> [Given data]:
☆ ☆ ☆ ☆ ☆

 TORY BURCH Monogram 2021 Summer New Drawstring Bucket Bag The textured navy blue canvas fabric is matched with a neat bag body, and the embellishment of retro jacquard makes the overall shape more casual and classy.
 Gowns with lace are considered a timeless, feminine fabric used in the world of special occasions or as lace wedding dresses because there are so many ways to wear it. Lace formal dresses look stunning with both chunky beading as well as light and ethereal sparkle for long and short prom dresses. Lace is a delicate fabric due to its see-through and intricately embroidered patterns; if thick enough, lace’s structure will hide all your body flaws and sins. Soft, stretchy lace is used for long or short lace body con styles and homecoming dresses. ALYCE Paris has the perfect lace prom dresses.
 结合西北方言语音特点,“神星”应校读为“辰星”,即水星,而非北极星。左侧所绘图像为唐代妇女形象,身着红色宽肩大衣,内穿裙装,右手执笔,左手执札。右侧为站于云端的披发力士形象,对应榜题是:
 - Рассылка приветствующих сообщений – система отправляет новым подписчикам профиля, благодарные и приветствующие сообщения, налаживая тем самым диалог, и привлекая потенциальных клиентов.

☆ ☆ ☆ ☆ ☆

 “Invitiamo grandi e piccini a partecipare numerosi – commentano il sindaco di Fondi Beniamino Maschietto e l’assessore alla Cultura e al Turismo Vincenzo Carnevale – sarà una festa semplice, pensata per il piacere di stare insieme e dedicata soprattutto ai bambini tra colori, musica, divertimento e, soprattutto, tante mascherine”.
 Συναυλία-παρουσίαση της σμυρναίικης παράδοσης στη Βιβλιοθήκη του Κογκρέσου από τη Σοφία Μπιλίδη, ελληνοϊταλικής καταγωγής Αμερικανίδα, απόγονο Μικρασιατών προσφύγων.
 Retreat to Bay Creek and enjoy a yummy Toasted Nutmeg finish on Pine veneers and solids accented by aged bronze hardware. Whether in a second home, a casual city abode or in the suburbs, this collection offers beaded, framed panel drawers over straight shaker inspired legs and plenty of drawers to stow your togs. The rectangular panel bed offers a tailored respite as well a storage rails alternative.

☆ ☆ ☆ ☆ ☆

> [Assignment]: Keep both end lines and retype everything in the records above from the line containing "TORY BURCH Monogram" through the line containing "- Рассылка приветствующих", exactly, with nothing else.

> [Finished task]:
 TORY BURCH Monogram 2021 Summer New Drawstring Bucket Bag The textured navy blue canvas fabric is matched with a neat bag body, and the embellishment of retro jacquard makes the overall shape more casual and classy.
 Gowns with lace are considered a timeless, feminine fabric used in the world of special occasions or as lace wedding dresses because there are so many ways to wear it. Lace formal dresses look stunning with both chunky beading as well as light and ethereal sparkle for long and short prom dresses. Lace is a delicate fabric due to its see-through and intricately embroidered patterns; if thick enough, lace’s structure will hide all your body flaws and sins. Soft, stretchy lace is used for long or short lace body con styles and homecoming dresses. ALYCE Paris has the perfect lace prom dresses.
 结合西北方言语音特点,“神星”应校读为“辰星”,即水星,而非北极星。左侧所绘图像为唐代妇女形象,身着红色宽肩大衣,内穿裙装,右手执笔,左手执札。右侧为站于云端的披发力士形象,对应榜题是:
 - Рассылка приветствующих сообщений – система отправляет новым подписчикам профиля, благодарные и приветствующие сообщения, налаживая тем самым диалог, и привлекая потенциальных клиентов.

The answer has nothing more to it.